= Scouting and Guiding in New Brunswick =

Scouting in New Brunswick has a long history, from the 1900s to the present day, serving thousands of youth in programs that suit the environment in which they live.

==Anglophone Scouting in New Brunswick==

New Brunswick is administered by the New Brunswick Council of Scouts Canada. The New Brunswick Council has been directly involved with Kenya's Extension Scouting program (previously known as the Street Scouts program, active in Kenya, eastern Uganda and northern Tanzania) for a number of years.

===Local Areas===

The Areas in New Brunswick are Southeast NB Service Area, Wabanaki Service Area, Riverton Service Area, Chaleur Service Area, Fundy East Service Area, and Wabanaki Area.

==Girl Guiding in New Brunswick==

Guides are served by the Guiding in Canada - New Brunswick Council.

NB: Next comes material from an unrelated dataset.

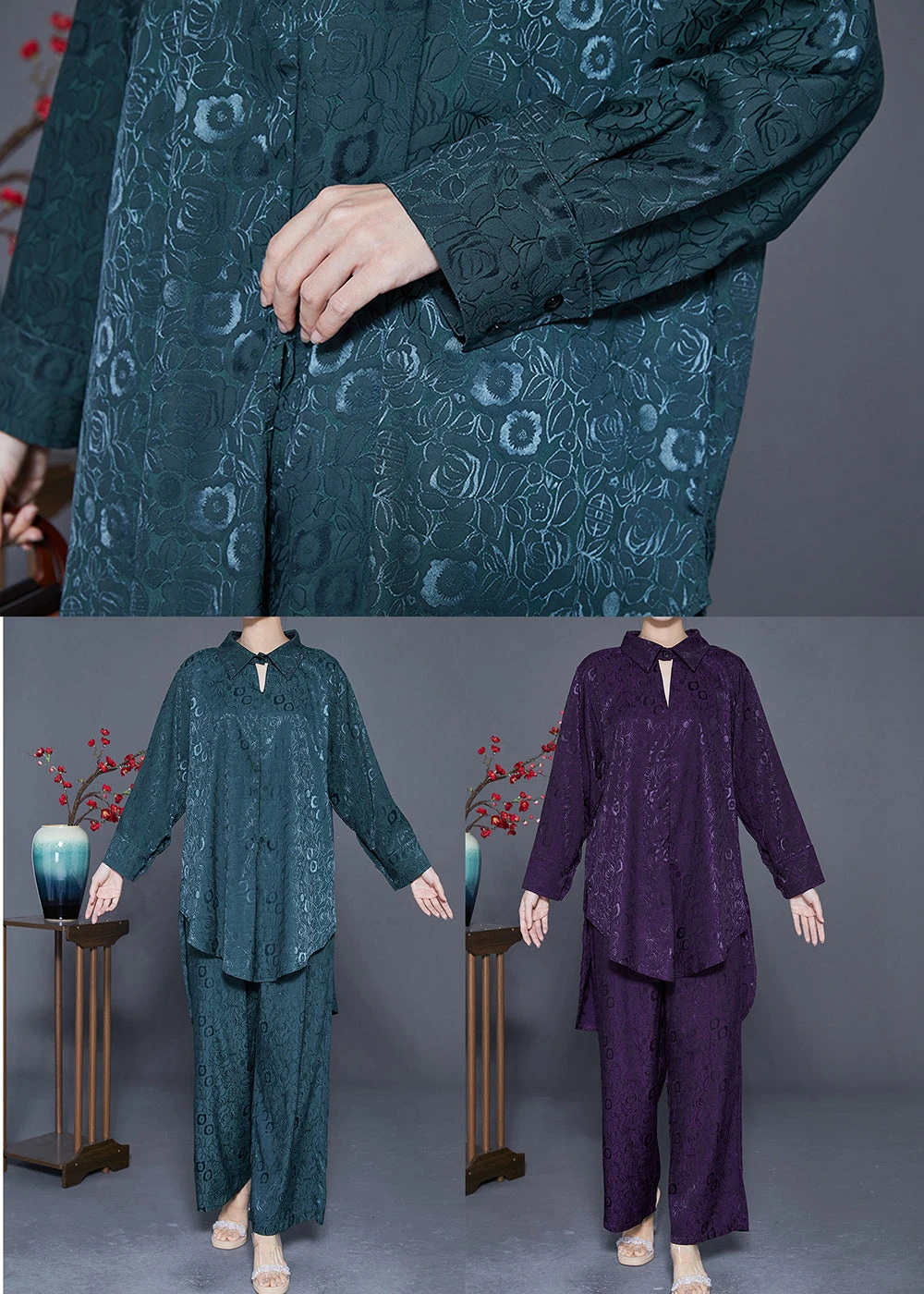 Be the first to review “Purple Silk Two Piece Set Peter Pan Collar Low High Design Spring LY3623” Cancel reply

Headquarters: Saint John, NB

Website: http://www.girlguides.nb.ca/

New Brunswick Council is divided into 6 areas
- Coastal Shore in northeastern New Brunswick
- Kennebecasis in central south New Brunswick
- Mawiw in central New Brunswick
- Tidewater in southeastern New Brunswick
- Upper Saint John River Valley in western New Brunswick
- Water's Edge in southern New Brunswick

Camps:
- Camp Chacik is 41 acre near Kingston, NB in the Kennebecasis area. It was acquired in 1993.
- Camp Chiplaquorgan is 20 acre on the shores of Oromocto Lake in the Mawiw area. It was opened in 1963. The name means "the stick that holds the pot over the fire".
- Camp Wee Waa Zee Zuk in the Mawiw area
- Camp Nebooktook in the Tidewater area. The name is Mi'Kmaq meaning "Little camp/cabin in the woods".
- Camp Whisong is 40 acre in the Tidewater area
- Camp Etalacimuk in the Upper Saint John River Valley area
- Comp Oswego in the Water's Edge are

Camp Wegwamageek was a 150 acre site in the Tidewater area. It was acquired in 1962. The name means "land's end" in Micmac. It was sold in 2010 to the Nature Conservancy of Canada.